Work to complete →
Among the entries below, copy only the span from the line containing "为了给消费者带来更加优质的购" through the line containing "グッズプロののぼり旗は「節約". Do so exactly, and skip the pictures.

○ ○ ○ ○ ○

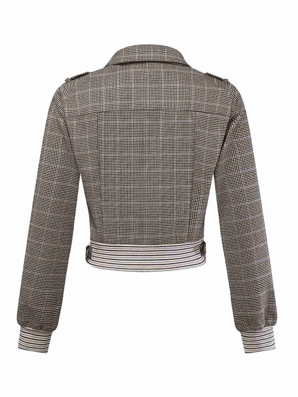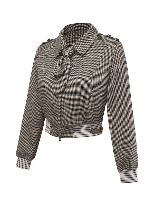 [Vorverkauf] Braun 1950er Hahnentritt Bogen Gerippt Stricken Kurz Jacke
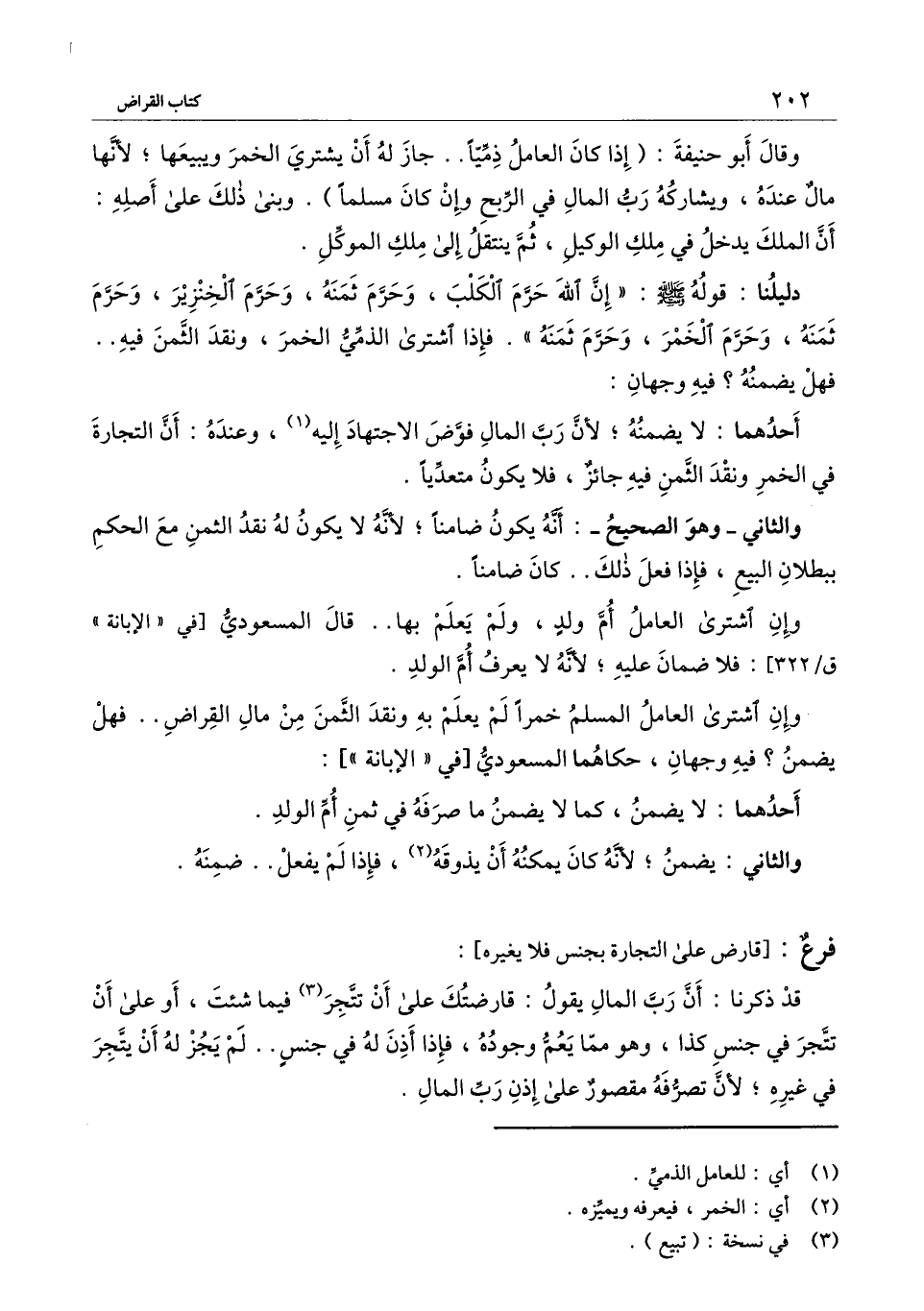 وقال أبو حنيفة: (إذا كان العامل ذميا.. جاز له أن يشتري الخمر ويبيعها؛ لأنها مال عنده، ويشاركه رب المال في الربح وإن كان مسلما) . وبنى ذلك على أصله: أن الملك يدخل في ملك الوكيل، ثم ينتقل إلى ملك الموكل.
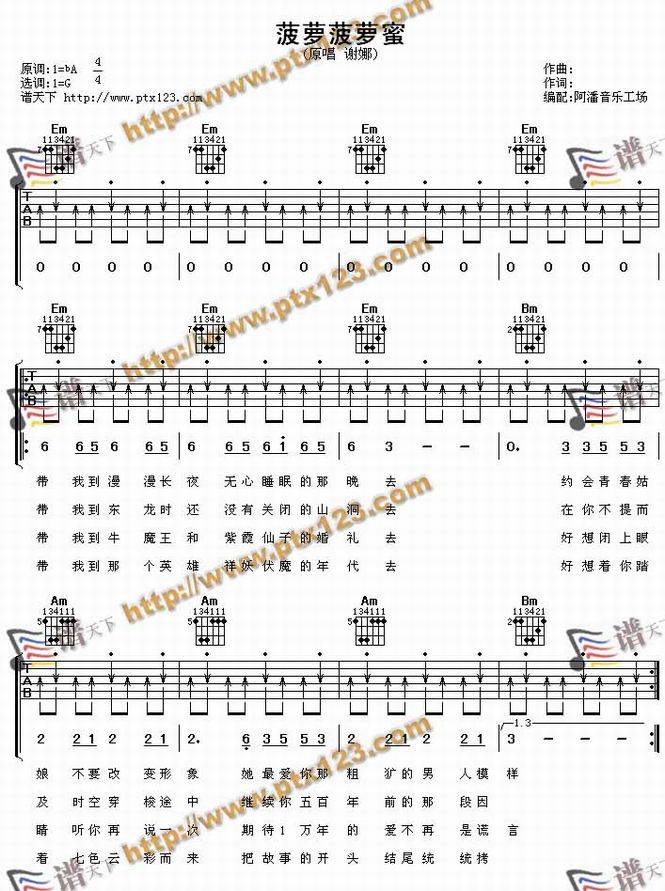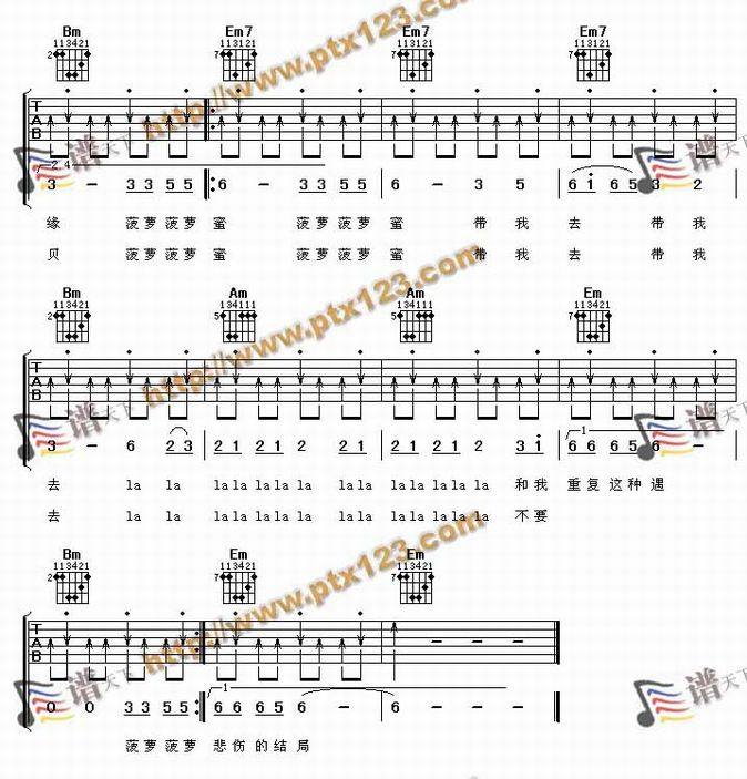 菠萝菠萝蜜-谢娜(吉他谱 吉他曲谱 吉他六线谱 吉他歌谱 吉它谱 影视吉他谱)
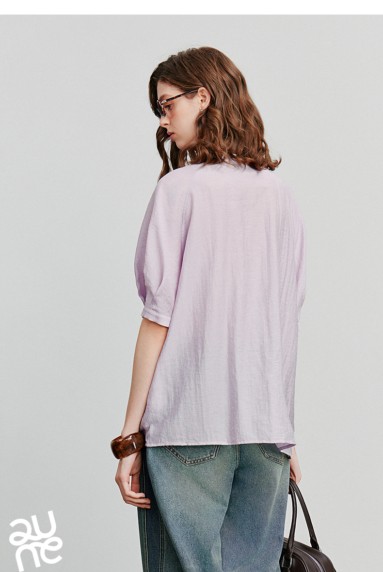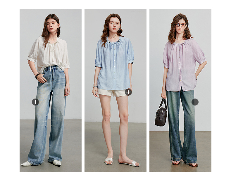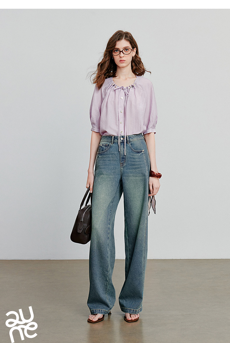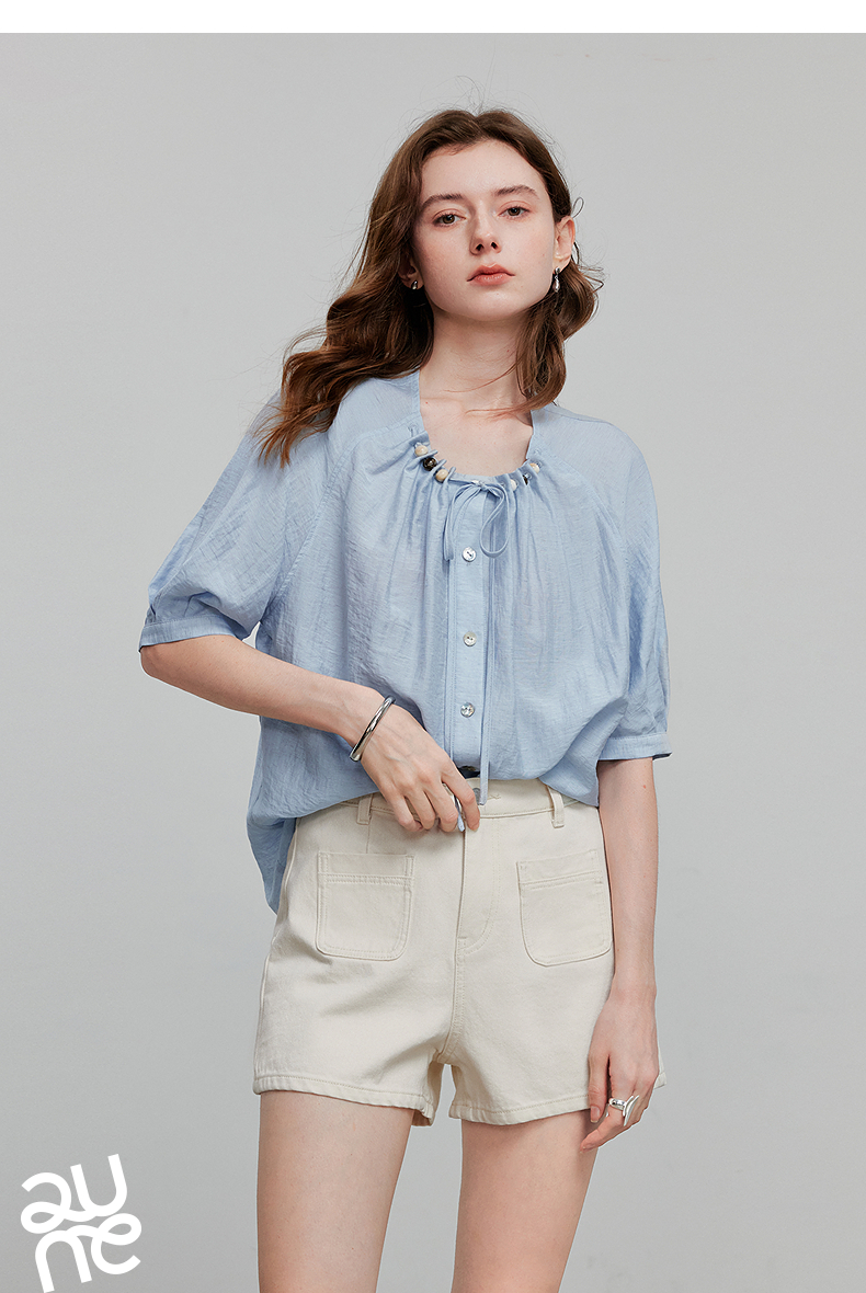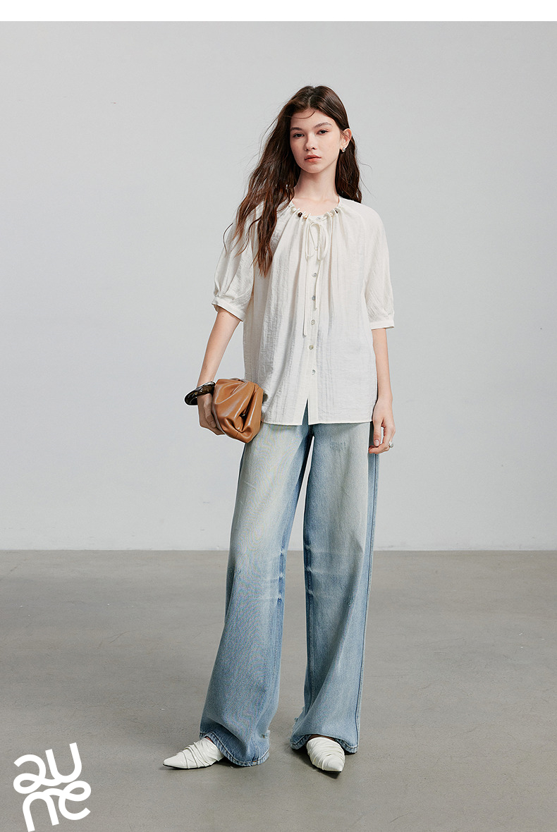 初语亚麻衬衫女民族风串珠圆领宽松衬衣清新上衣
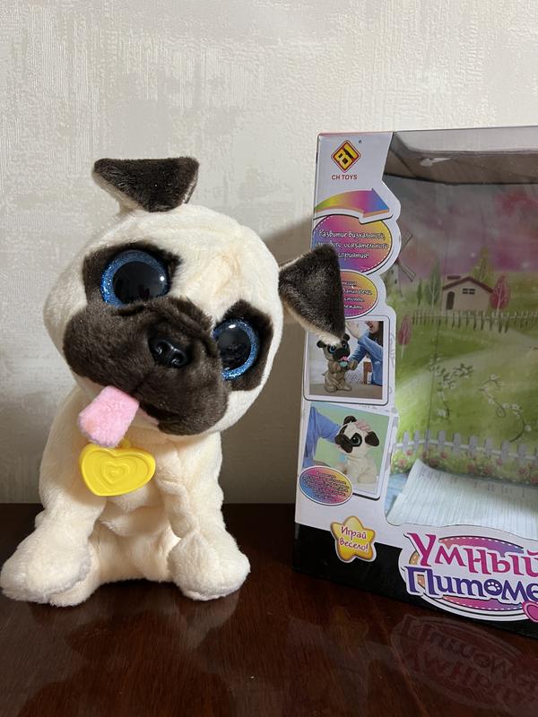 Игрушка умный щенок питомец. Музыкальный. Соответствует на команды, поет песенки, говорит слова на английском языке. Ну, очень милый. Состояние хорошее, дочь его очень любила. Работает от 4 батареек (в комплекте их нет)
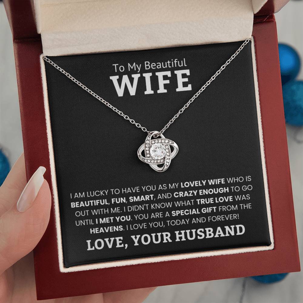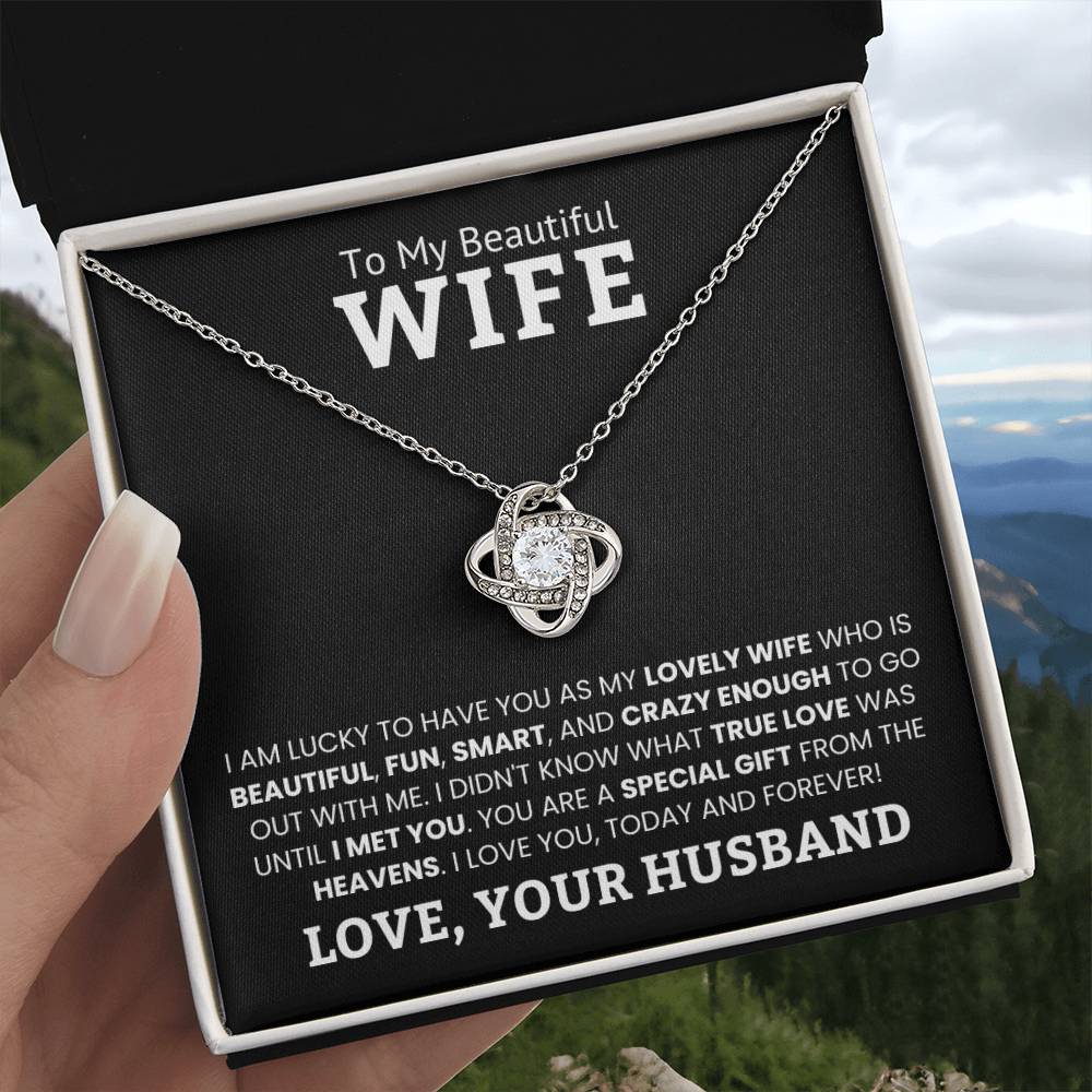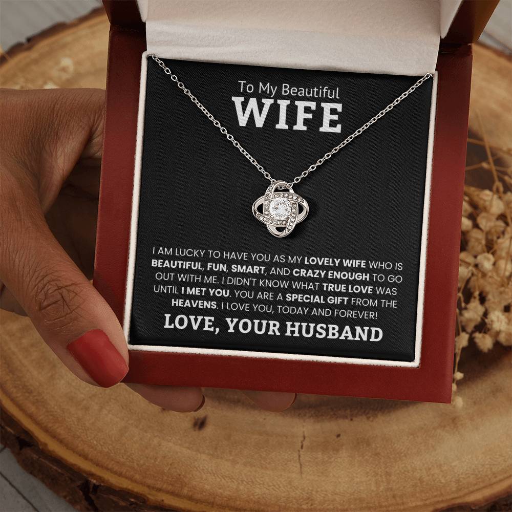 To My Wife, I am lucky to have you as my lovely wife who is beautiful, fun, smart, and crazy enough to go out with me. I didn't know what true love was until I met you. You are a special gift from the heavens. I love you, today and forever! LOVE YOUR HUSBAND
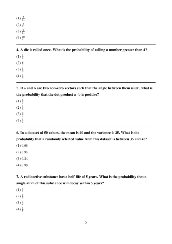 A radioactive substance has a half-life of 5 years. What is the probability that a single atom of this substance will decay within 5 years?
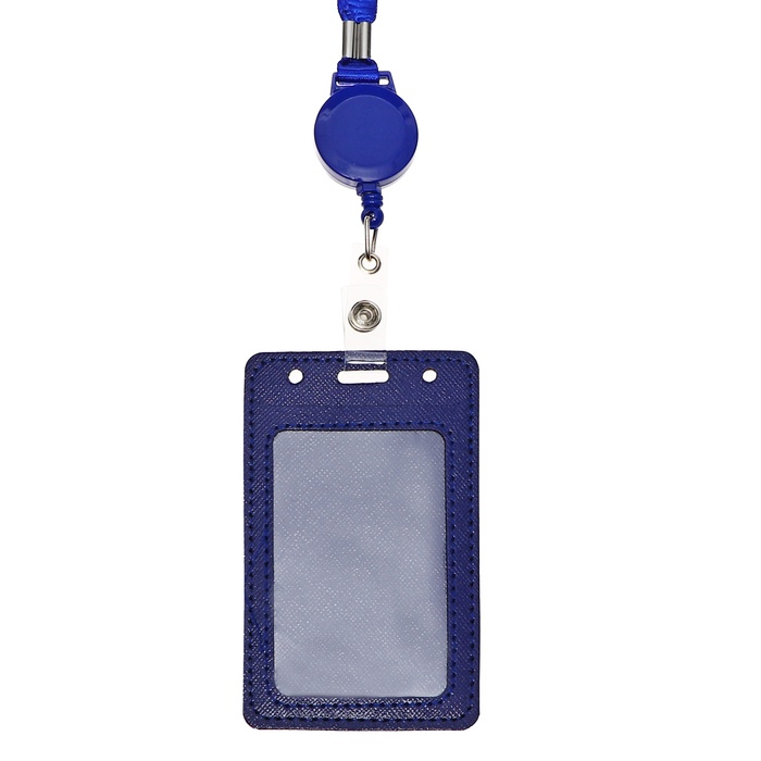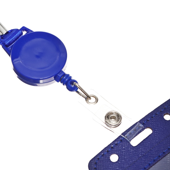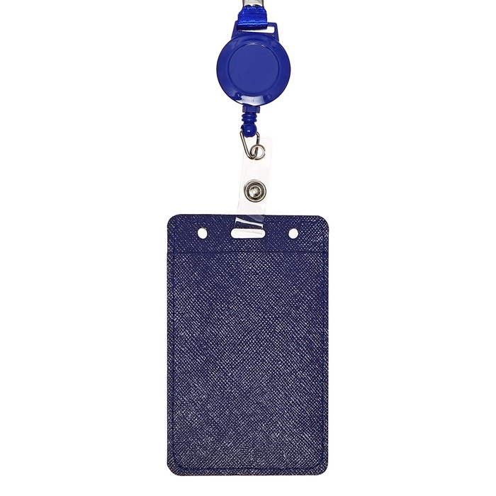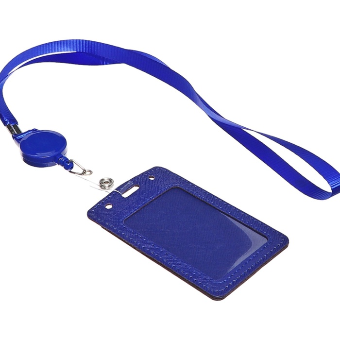 Бейдж - карман вертикальный кожзам, внешний размер 110×68 мм, внутренний размер 85×54 мм, лента 80×1.2 см, синий
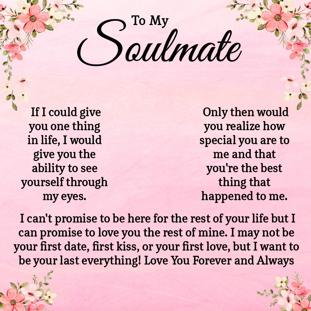 To My Soulmate, If I could give you one thing in life, I would give you the ability to see yourself through my eyes. Only then would you realize how special you are to me and that you're the best thing that ever happened to me. I can’t promise to be here for the rest of your life, but I can promise to love you for the rest of mine. I may not be your first date, first kiss, or first love, but I want to be your last everything. Love you forever and always.
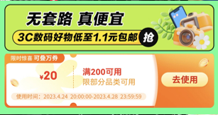 为了给消费者带来更加优质的购物体验,更轻松地入手各式出游装备,此次京东3C数码出游季重磅上线十万件数码出游装备至高9.9、低至1.1元包邮等福利,即日起至4月28日期间入手部分产品还有满200立减20元的惊喜优惠券,让你换新无忧,轻松购好物。
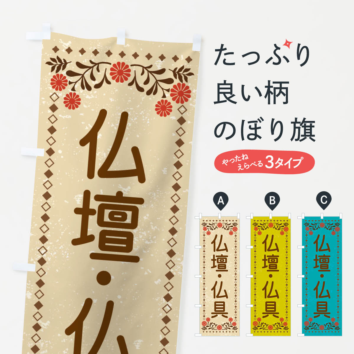 グッズプロののぼり旗は「節約じょうずのぼり」から「セレブのぼり」まで細かく調整できちゃいます。のぼり旗にひと味加えて特別仕様に一部を変えたい店名、社名を入れたいもっと大きくしたい丈夫にしたい長持ちさせたい防炎加工両面別柄にしたい飾り方も選べます壁に吊るしたい全面柄で目立ちたい紐で吊りたいピンと張りたいチチ色を変えたいちょっとおしゃれに看板のようにしたい仏具のぼり旗、他にもあります。【ネコポス送料3...
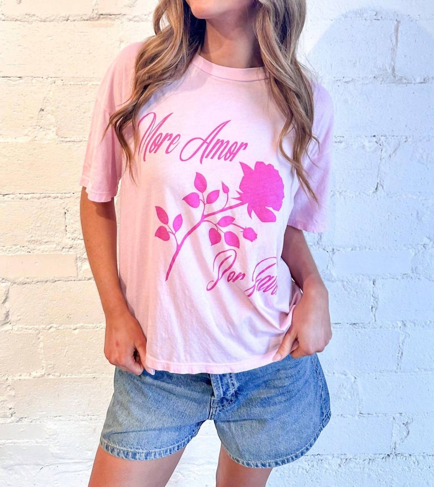 Look no further, you just found your perfect tee! Final Sale Featuring a bold, graphic "More Amore Por Favor" slogan, this tee combines casual comfort with a message of love and positivity. Perfect for those who want to make a statement without saying a word, this top is sure to become a favorite in your everyday rotation. Crafted from soft, premium fabric, the Project Social More Amore Por Favor Tee offers the perfect balance of comfort and style. The lightweight material ensures breathability and a relaxed fit, making it ideal for year-round wear. Whether you're running errands, meeting friends for brunch, or simply lounging at home, this tee offers versatility that adapts to your lifestyle. 100% Cotton Machine wash cold Wash inside out with similar colors Dry flat Do not iron print Cool iron if needed Model Meet Brae! Height: 5’7” Hips: 35” Bust:34” Waist: 25” Wearing Size: Small

○ ○ ○ ○ ○

Response to the task →
 为了给消费者带来更加优质的购物体验,更轻松地入手各式出游装备,此次京东3C数码出游季重磅上线十万件数码出游装备至高9.9、低至1.1元包邮等福利,即日起至4月28日期间入手部分产品还有满200立减20元的惊喜优惠券,让你换新无忧,轻松购好物。
 グッズプロののぼり旗は「節約じょうずのぼり」から「セレブのぼり」まで細かく調整できちゃいます。のぼり旗にひと味加えて特別仕様に一部を変えたい店名、社名を入れたいもっと大きくしたい丈夫にしたい長持ちさせたい防炎加工両面別柄にしたい飾り方も選べます壁に吊るしたい全面柄で目立ちたい紐で吊りたいピンと張りたいチチ色を変えたいちょっとおしゃれに看板のようにしたい仏具のぼり旗、他にもあります。【ネコポス送料3...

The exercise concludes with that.